In the 20th century, Mumbai was often described as Urbs Prima in Indis, Latin for India’s First City. It was an emblem of Indian urbanity, portrayed as such in novels and Bollywood movies. Over the past few decades, however, a rapidly rising Delhi has severely dented Mumbai’s primacy. Now the Capital has run away with the coastal city’s title.
The swap has been confirmed by a report from Brookings Institution, a think tank headquartered in the United States. The Global Metro Monitor report, released in June, ranks Delhi sixth on its Economic Performance Index out of the world’s 300 largest metro areas. Mumbai ranks 23rd overall – and fourth among Indian cities.

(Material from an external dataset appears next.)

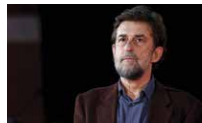
▲ Nanni Moretti

Le documentaire évoque Charles Chaplin, Buster Keaton, Oliver Hardy et Stanley Laurel, les Marx Brothers, puis Jerry Lewis qui ressuscite la comédie dans les années 1960.

Delhi is India’s largest engine for job creation
From 2014 to 2016, Delhi generated the most jobs of any Indian city. It created 6.2 lakh jobs, nearly a third more than Mumbai’s 4.7 lakh. Hyderabad created 3.4 lakh jobs in this period while Kolkata came fourth with 3.2 lakh.
In terms of growth rate, Mumbai falls further behind as a generator of employment. The city’s jobs grew by 2.9% between 2014 and 2016. Delhi clocked up a growth rate of 4.7%.
Thus, in both the absolute numbers of jobs created and the rate of growth, Delhi beats Mumbai handsomely.
Mumbai, though, edges out Delhi when it comes to the per capita growth in the gross domestic product – but only just. The three megacities of Mumbai, Delhi and Kolkata are neck and neck when it comes to per capita GDP growth, with Hyderabad leading the pack.
The Capital’s sudden rise
Delhi’s rise as Urbs Prima in Indis has been stunning. Though it was the capital of the Mughal Empire, the city witnessed a long twilight during the British Raj. As a trading empire, the British concentrated their power largely in the port cities of what are now Kolkata, Mumbai and Chennai. Delhi, situated in the North Indian plains far from the sea, was reduced to a midsize town. In 1828, when the poet Ghalib visited Kolkata from Delhi, he was struck by its grandeur. “The very mention of Kolkata is like an arrow piercing my breast,” he wrote in envy. In 1901, Delhi was only India’s seventh largest city, smaller than even Varanasi.
The situation changed after independence. Independent India lavished its resources on building infrastructure in the Capital. At the same time, businesses were attracted to the city since being near the government helped get faster clearances. Both these factors contributed to Delhi’s rapid growth. In 1951, Delhi was half of Mumbai and a third of Kolkata by population. By 2011, it was India’s second largest city, only 20 lakh shy of Mumbai’s population. In fact, if the suburbs of Gurgaon, Noida and Ghaziabad are taken into account, the National Capital Region will count as India’s largest urban agglomeration, ahead of the Mumbai Metropolitan Region.